━━━━━ DATASET SECTION

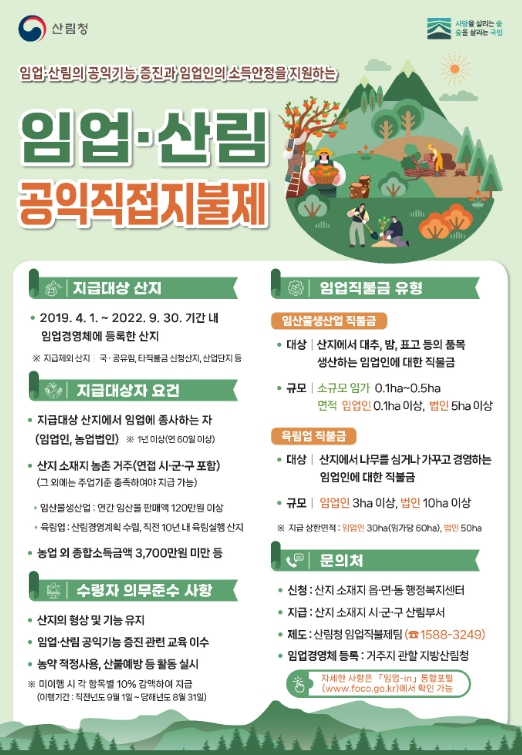 임업·산림 공익직접지불제는 산림의 공익기능을 높이고 임업인의 소득 안정을 지원하기 위해 일정 요건을 충족한 임업인에게 지급하는 제도다.
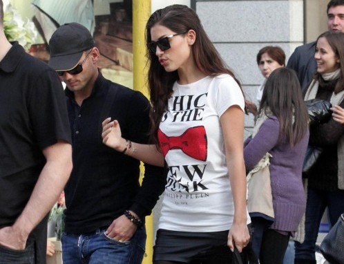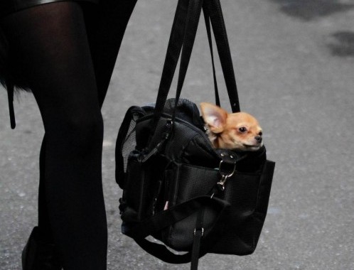 La coppia, dopo aver pranzato al ristorante Il Salumaio di via Montenapoleone, passeggia con il loro cagnolino James seduto comodamente all’interno di una borsa (LaPresse)
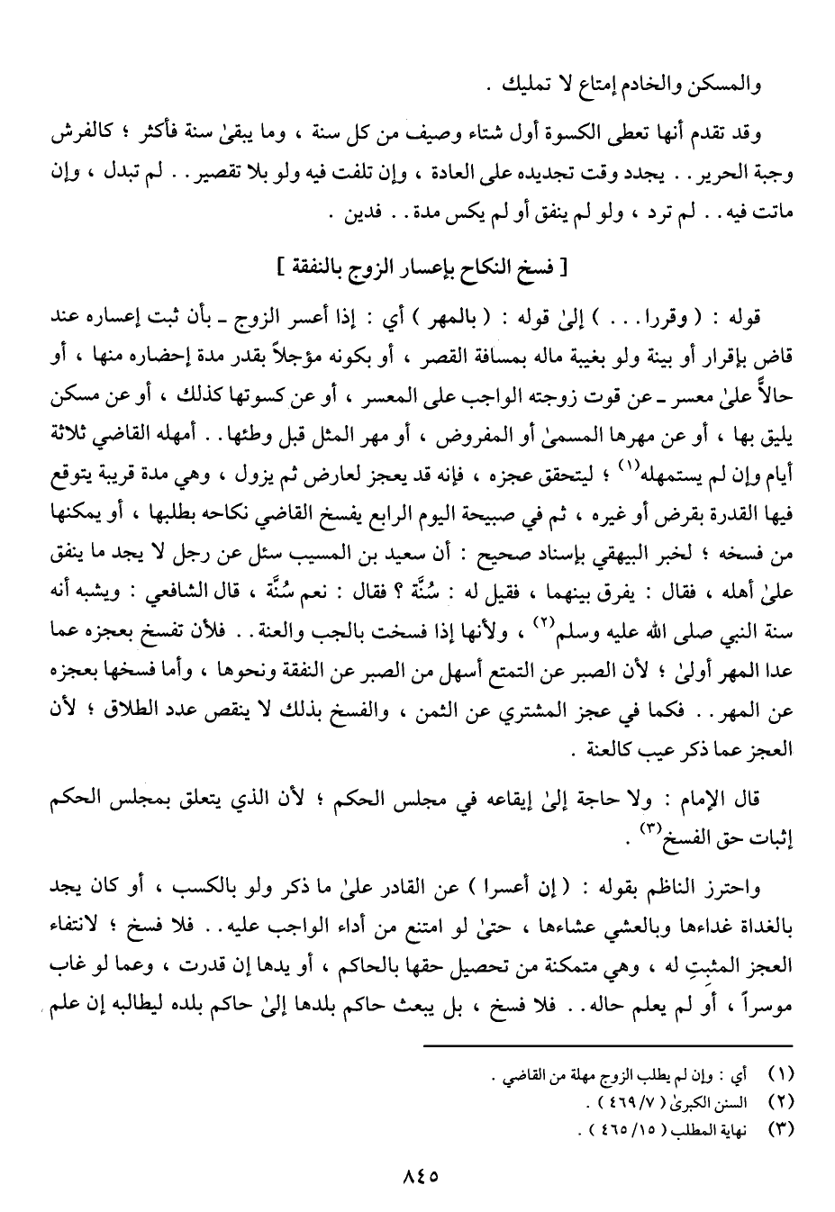 قوله: (وقررا ... ) إلى قوله: (بالمهر) أي: إذا أعسر الزوج – بأن ثبت إعساره عند قاض بإقرار أو بينة ولو بغيبة ماله بمسافة القصر, أو بكونه مؤجلاً بقدر مدة إحضاره منها, أو حالاً على معسر - عن قوت زوجته الواجب على المعسر, أو عن كسوتها كذلك, أو عن مسكن يليق بها, أو عن مهرها المسمى أو المفروض, أو مهر المثل قبل وطئها .. أمهله القاضي ثلاثة أيام وإن لم يستمهله؛ ليتحقق عجزه, فإنه قد يعجز لعارض ثم يزول, وهي مدة قريبة يتوقع فيها القدرة بقرض أو غيره, ثم في صبيحة اليوم الرابع يفسخ القاضي نكاحه بطلبها, أو يمكنها من فسخه؛ لخبر البيهقي بإسناد صحيح: أن سعيد بن المسيب سئل عن رجل لا يجد ما ينفق على أهله, فقال: يفرق بينهما, فقيل له: سُتّة؟ فقال: نعم سُنّة, قال الشافعي: ويشبه أنه سنة النبي صلى الله عليه وسلم, ولأنها إذا فسخت بالجب والعنة .. فلأن تفسخ بعجزه عما عدا المهر أولى؛ لأن الصبر عن التمتع أسهل من الصبر عن النفقة ونحوها, وأما فسخها بعجزه عن المهر .. فكما في عجز المشتري عن الثمن, والفسخ بذلك لا ينقص عدد الطلاق؛ لأن العجز عما ذكر عيب كالعنة ..

━━━━━━━━━━

> **WHAT YOU WILL DO**: Every line of the listing must be reproduced exactly, though the pictures are to be left out.

> **PROBLEM SOLUTION**:
 임업·산림 공익직접지불제는 산림의 공익기능을 높이고 임업인의 소득 안정을 지원하기 위해 일정 요건을 충족한 임업인에게 지급하는 제도다.
 La coppia, dopo aver pranzato al ristorante Il Salumaio di via Montenapoleone, passeggia con il loro cagnolino James seduto comodamente all’interno di una borsa (LaPresse)
 قوله: (وقررا ... ) إلى قوله: (بالمهر) أي: إذا أعسر الزوج – بأن ثبت إعساره عند قاض بإقرار أو بينة ولو بغيبة ماله بمسافة القصر, أو بكونه مؤجلاً بقدر مدة إحضاره منها, أو حالاً على معسر - عن قوت زوجته الواجب على المعسر, أو عن كسوتها كذلك, أو عن مسكن يليق بها, أو عن مهرها المسمى أو المفروض, أو مهر المثل قبل وطئها .. أمهله القاضي ثلاثة أيام وإن لم يستمهله؛ ليتحقق عجزه, فإنه قد يعجز لعارض ثم يزول, وهي مدة قريبة يتوقع فيها القدرة بقرض أو غيره, ثم في صبيحة اليوم الرابع يفسخ القاضي نكاحه بطلبها, أو يمكنها من فسخه؛ لخبر البيهقي بإسناد صحيح: أن سعيد بن المسيب سئل عن رجل لا يجد ما ينفق على أهله, فقال: يفرق بينهما, فقيل له: سُتّة؟ فقال: نعم سُنّة, قال الشافعي: ويشبه أنه سنة النبي صلى الله عليه وسلم, ولأنها إذا فسخت بالجب والعنة .. فلأن تفسخ بعجزه عما عدا المهر أولى؛ لأن الصبر عن التمتع أسهل من الصبر عن النفقة ونحوها, وأما فسخها بعجزه عن المهر .. فكما في عجز المشتري عن الثمن, والفسخ بذلك لا ينقص عدد الطلاق؛ لأن العجز عما ذكر عيب كالعنة ..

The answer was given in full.